To prepare a typical ready-made dinner, a batch is started at 0-15o C. A cycle of adding water, adding ingredients, heating to 85o C, adding more ingredients and heating back up to 85-90°C follows. Once all additions are complete the batch is heated again to 85- 90°C and is held at this temperature for a short period of time before sampling for quality. The batch is then cleared for cooling.


When the batch is finished it is vacuum cooled. Typically, vacuum cooling brings the product back down to 8°C in 50 minutes.


The renovated vacuum system and the existing one supply more than adequate cooling for the five five-ton kettles. Another one or two kettles could be accommodated.


Heinz expects to run the new system for three to six months before they open the condenser inspect its internals. The flexibility to open the condenser at both ends via the hinged channel cover and head arrangement is an obvious benefit.


Simplified access is accomplished without having to disturb the water or gas piping. It eases cleaning, insurance inspection, checking the water and steam side, etc. With the davit arrangement, the tubes can be accessed without need for a crane.

Utilities Savings: Plant management estimate a 13-15% steam savings for the upgraded system, as well as the great benefit of faster process time.


Water is also saved by the new arrangement.
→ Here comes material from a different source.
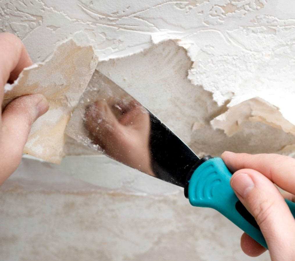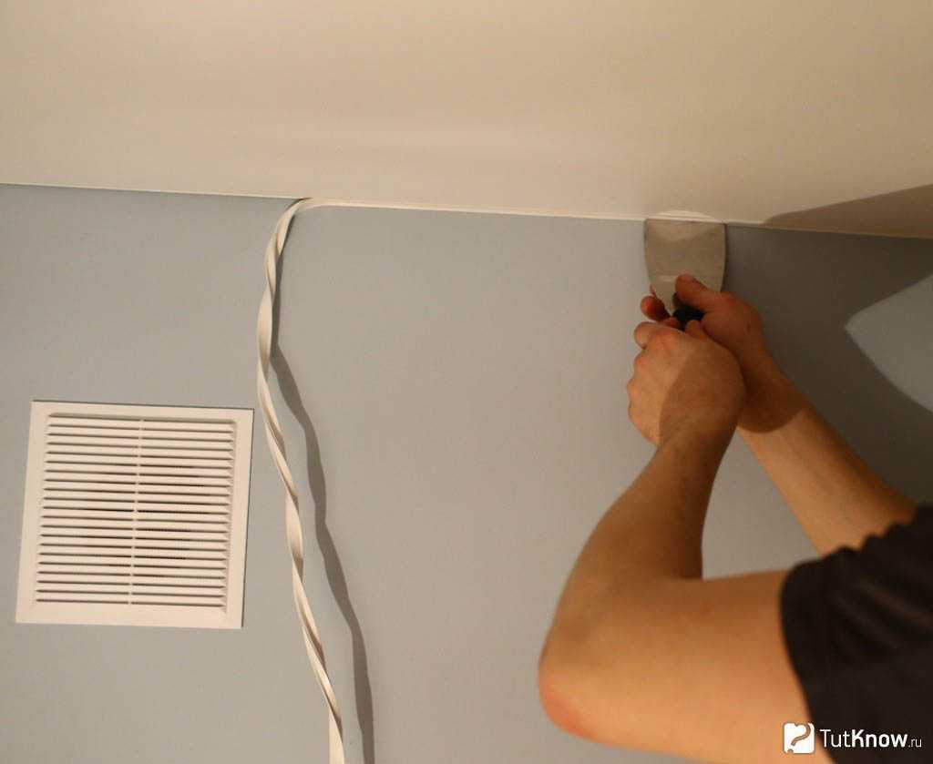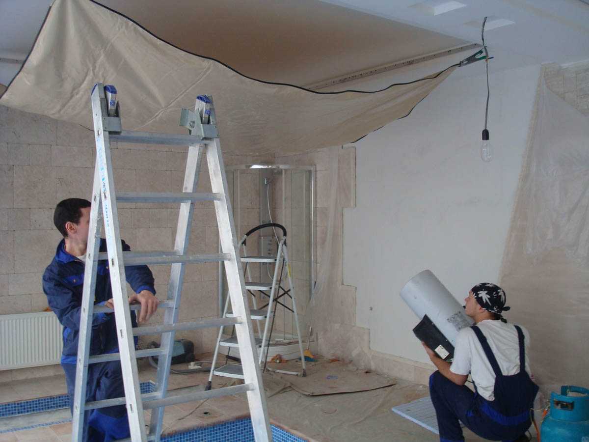 - если на потолке наблюдается отслоение старой штукатурки либо побелки, то необходимо удалить отживший свое слой во избежание риска повреждения уже натянутого полотна;

In the original system, the failing third (Z) stage ejector, and the 75 kW water pump supplying cooling water to the existing (Z-A) aftercondenser ran continuously. The renewed system circulates water on demand, so that the water pump runs only when a batch is actually being cooled. As a result, at least 16 hours at 75 kW are saved every operating day, in addition to wear and tear on the pump.

The Way To Go: This is virtually a complete new system. It is simple and runs a smooth, trouble-free operation. Management considers that the Croll Reynolds design improvements are definitely the way to go. Another such system will certainly be considered when additional capacity is needed at the Heinz Frozen Foods Dundalk processing plant.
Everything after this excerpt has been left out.